I bet all those cheaters on Warzone, or R6 Siege, all have a vulnerable driver installed on their system, to get around the anti-cheat. 🤔
Usually kernel anti-cheats require a driver so in order to bypass the anti-cheat you also need a driver to abuse it.
@@nero2k619 that is literally what this is...
@@nero2k619 also, this is highly dependent on the developers to implement the anticheat properly, whether it's in house or third party, into their game.
But the two games that I mentioned do require kdmapper, or another tool, to install and use a vulnerable driver and load your own driver.
@nordgaren2358 I think you misunderstood me. I know how this all works and how cheat devs bypass anti cheats.
@@nero2k619 Same. That's why I mentioned that they all have left themselves open, which is nice to think about, because cheaters in those games are extremely frustrating.
Big problem with newer tech, though. There's been aim-bots that work off output from a capture card, for a few years, now. I've also heard, recently, that hardware memory access using an adapter and an external PC, is starting to become a method for skirting the anti-cheat.

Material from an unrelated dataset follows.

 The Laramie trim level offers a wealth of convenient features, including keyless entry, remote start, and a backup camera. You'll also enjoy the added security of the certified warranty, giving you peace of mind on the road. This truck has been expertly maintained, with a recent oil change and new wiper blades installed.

And then there's companies that don't read the manual, and integrate the anti-cheat into their game in a manner that just requires the user emulate the anti-cheat on the client side, and send a few packets every now and then.

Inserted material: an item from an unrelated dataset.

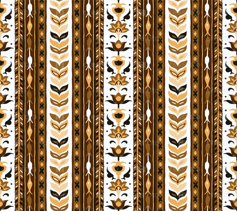 Геометрический дамасский орнамент. Икат границы. Этническая вышивка с листьями и монограммами. Племенная векторная текстура. Бесшовный народный узор в ацтекском стиле. Индийский, скандинавский, цыганский, мексиканский, африканский ковер

But the easiest way, by far, is to install a vulnerable driver, and, that is just a bad idea. I'm sure WinPEAS would pick it up, easily.
If you have Cloud Delivered Protection off 90% chance your malware wont get flagged lol.
hey, that's where script kiddies are made
250$ for a few months access.................. this feels very seedy
You were already admin when running that shellcode, there’s a million ways to to do shit like become a system or execute c2 payload
Kinda pointless if you need admin priv to do it. Might as well use token impersonation technique if you have admin priv to escalate to system which is also less complicated
Revoked driver certificates is a thing. Microsoft is working to defend its users.
Shill
lol
@@nezu_ccYou can actually disable the msft driver block list programmaticly, my program ksDumper 11 does this as a pre-req to leveraging KDU to load the ksDumper driver
comments like this make me want to switch to linux
@@zaki_flif you do make sure you use UFW (its not on by default in some distros), SELinux or Apparmor rules and Lynis for audits and you should be fine unless your motherboard UEFI has a critical CVE
So I just learned about Havoc LMAO.... SOOOOOO since Havoc doesn't seem to have any "auto-pwn" features, is it OSCP-friendly?
You don't need a c2 for anything on the oscp.
@@somerandomwithacat750 Netcat gets boring lol... I can see the benefit of to use it as way to manage rshells. Seems to automatically upgrades to a 'smart' shell, thats nifty; extendability!! I realize you can do it straight on the terminal but why not? I need to play around with it some more.
I am unreasonably angry that they called it "demon" and not "daemon"
This topic is way over hambone's skillset.
😂😂😂
A « mind-blowing » technic that requires to be admin of the machine in the first place. Lol. That’s cool but just when you want to play at home. This is not how it goes in real life within big companies. Hackers are using way more efficient and straightforward procedures.
you speak so fast that I have to slow down the video to 0.75
John, how much coffee or caffeine did you have before you made this video. You talk so fast. Slow down bro.
Bro....quit sharing our community with skids.
I have an investigation that might make an interesting video. How can I contact u
You can contact him with his details under the video.